*** Block opens ***

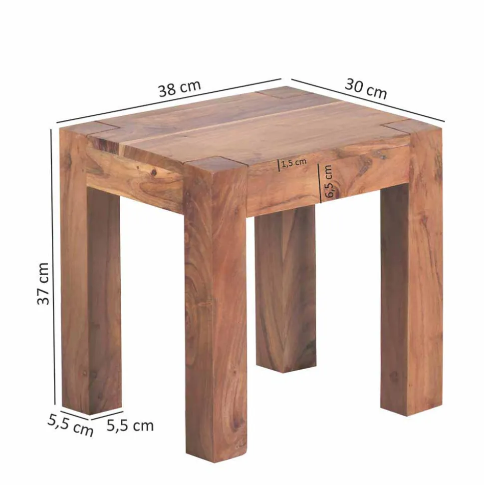Akazienholz zählt zu den härtesten und langlebigsten Hölzern überhaupt. Die dichte Struktur des Holzes macht es besonders widerstandsfähig gegenüber Kratzern, Druckstellen und anderen Beanspruchungen des Alltags. Möbel aus Akazie behalten ihre Form, sind stabil und gleichzeitig elastisch. Besonders hervorzuheben ist auch die Nachhaltigkeit dieses Rohstoffs: Akazien wachsen schnell nach und stellen damit eine umweltbewusste Alternative zu vielen Tropenhölzern dar. Bei diesem Beistelltisch kommt ausschließlich massives Akazienholz zum Einsatz – für eine Qualität, die man sieht und fühlt.
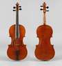 mit Zettel bezeichnet nach Joseph Guarnerius gefertigt von J. Altrichter, Hof-Instr.-Fabrik in Frankfurt a.O., anno 1906, am Boden zusätzlich brandgestempelt, geteilter, sehr gleichmäßig geflammter Boden in haselnussbraunem Lack, umlaufende, dreiteilige Randeinlage, rissfreie Decke, guter, spielbereiter Zustand mit minimalen oberflächlichen Altersspuren, L Korpus 36,5 cm.
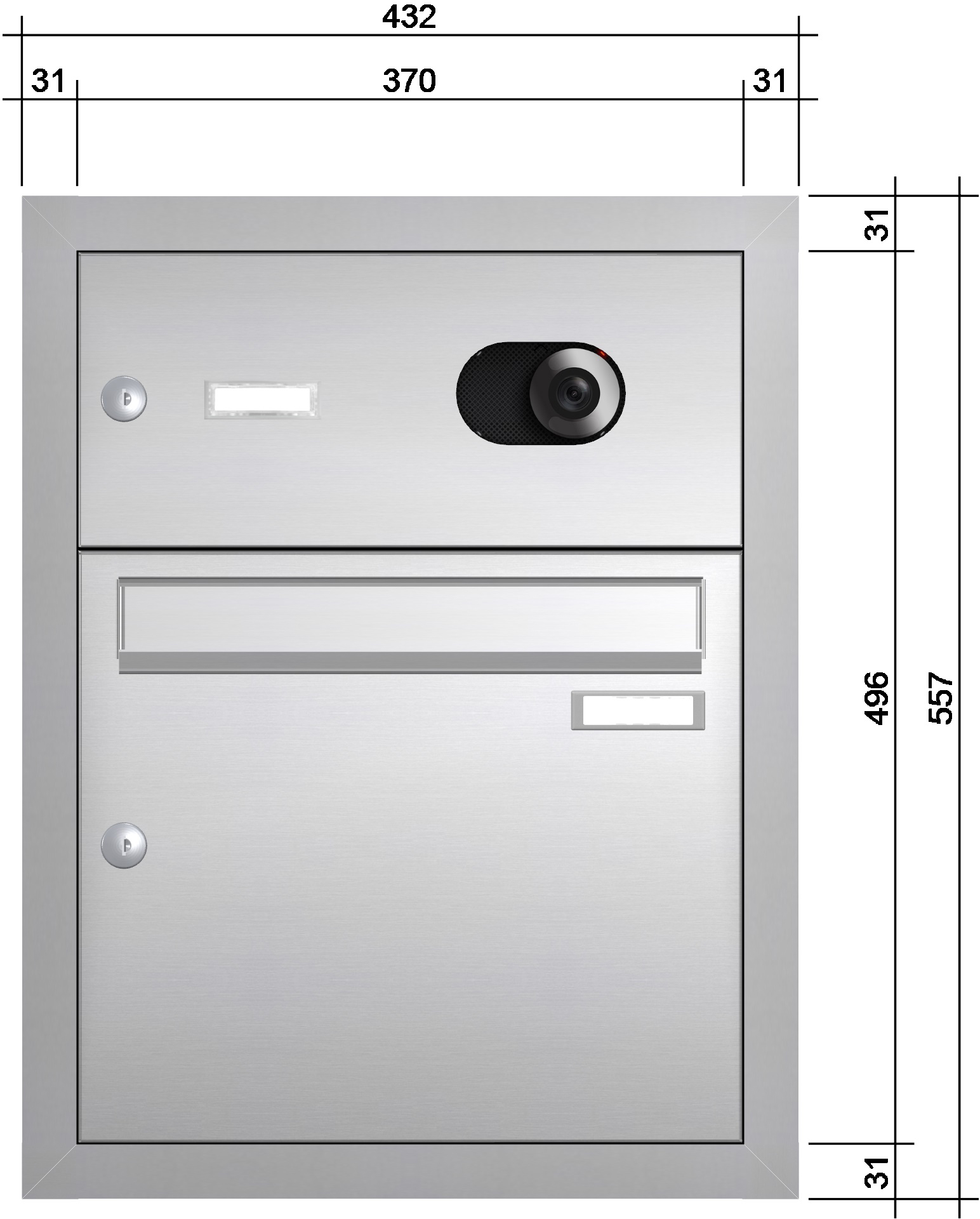 Jeder Briefkasten ist im Kastenmaß von 370 x 330 x 100 mm (B x H x T) ausgeführt. Inkl. umlaufendem Putzabdeckrahmen zum Einsatz der Anlage im ungeschützten Außenbereich. Einwurfklappe 325 x 35 mm (B x H). Die Kästen entsprechen der aktuellen EN-Norm 13724 damit z.B. A4-Umschläge ungeknickt eingeworfen werden können und Schutz gegen Aufbruch gewährleistet ist. Die Gesamtmaße können Sie den Skizzen entnehmen.

*** Block closes ***

## WORK TASK
Please return the listing above exactly and leave every picture out.

## EXERCISE OUTPUT
Akazienholz zählt zu den härtesten und langlebigsten Hölzern überhaupt. Die dichte Struktur des Holzes macht es besonders widerstandsfähig gegenüber Kratzern, Druckstellen und anderen Beanspruchungen des Alltags. Möbel aus Akazie behalten ihre Form, sind stabil und gleichzeitig elastisch. Besonders hervorzuheben ist auch die Nachhaltigkeit dieses Rohstoffs: Akazien wachsen schnell nach und stellen damit eine umweltbewusste Alternative zu vielen Tropenhölzern dar. Bei diesem Beistelltisch kommt ausschließlich massives Akazienholz zum Einsatz – für eine Qualität, die man sieht und fühlt.
 mit Zettel bezeichnet nach Joseph Guarnerius gefertigt von J. Altrichter, Hof-Instr.-Fabrik in Frankfurt a.O., anno 1906, am Boden zusätzlich brandgestempelt, geteilter, sehr gleichmäßig geflammter Boden in haselnussbraunem Lack, umlaufende, dreiteilige Randeinlage, rissfreie Decke, guter, spielbereiter Zustand mit minimalen oberflächlichen Altersspuren, L Korpus 36,5 cm.
 Jeder Briefkasten ist im Kastenmaß von 370 x 330 x 100 mm (B x H x T) ausgeführt. Inkl. umlaufendem Putzabdeckrahmen zum Einsatz der Anlage im ungeschützten Außenbereich. Einwurfklappe 325 x 35 mm (B x H). Die Kästen entsprechen der aktuellen EN-Norm 13724 damit z.B. A4-Umschläge ungeknickt eingeworfen werden können und Schutz gegen Aufbruch gewährleistet ist. Die Gesamtmaße können Sie den Skizzen entnehmen.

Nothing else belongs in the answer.